## What to do
Copy out the data exactly, leaving the pictures behind.

The data below:

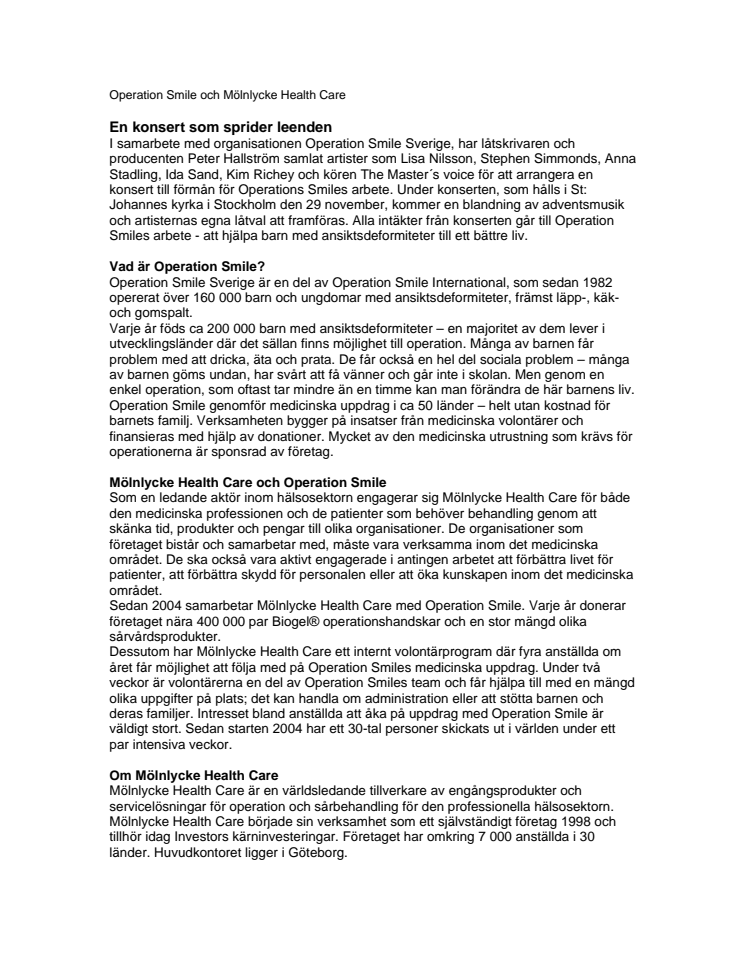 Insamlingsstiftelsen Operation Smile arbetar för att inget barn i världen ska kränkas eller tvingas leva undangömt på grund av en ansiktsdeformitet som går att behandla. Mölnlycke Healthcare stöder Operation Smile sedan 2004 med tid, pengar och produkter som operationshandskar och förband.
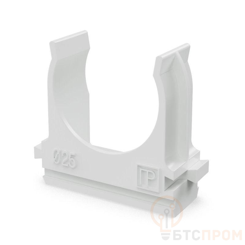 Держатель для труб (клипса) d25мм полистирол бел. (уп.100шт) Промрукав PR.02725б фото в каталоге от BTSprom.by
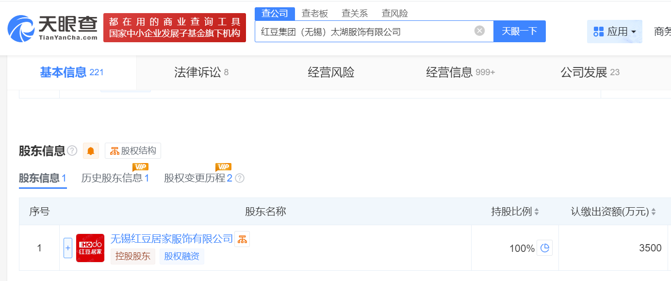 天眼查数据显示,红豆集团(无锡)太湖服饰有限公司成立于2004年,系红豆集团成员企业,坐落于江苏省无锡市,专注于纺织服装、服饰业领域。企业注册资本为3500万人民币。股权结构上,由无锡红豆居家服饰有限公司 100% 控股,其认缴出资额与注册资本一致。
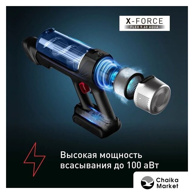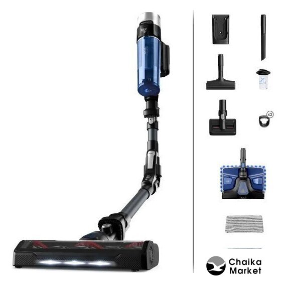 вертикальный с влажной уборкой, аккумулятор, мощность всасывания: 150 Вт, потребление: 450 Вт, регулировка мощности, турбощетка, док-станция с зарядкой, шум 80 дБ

End of The data.

## Written answer
 Insamlingsstiftelsen Operation Smile arbetar för att inget barn i världen ska kränkas eller tvingas leva undangömt på grund av en ansiktsdeformitet som går att behandla. Mölnlycke Healthcare stöder Operation Smile sedan 2004 med tid, pengar och produkter som operationshandskar och förband.
 Держатель для труб (клипса) d25мм полистирол бел. (уп.100шт) Промрукав PR.02725б фото в каталоге от BTSprom.by
 天眼查数据显示,红豆集团(无锡)太湖服饰有限公司成立于2004年,系红豆集团成员企业,坐落于江苏省无锡市,专注于纺织服装、服饰业领域。企业注册资本为3500万人民币。股权结构上,由无锡红豆居家服饰有限公司 100% 控股,其认缴出资额与注册资本一致。
 вертикальный с влажной уборкой, аккумулятор, мощность всасывания: 150 Вт, потребление: 450 Вт, регулировка мощности, турбощетка, док-станция с зарядкой, шум 80 дБ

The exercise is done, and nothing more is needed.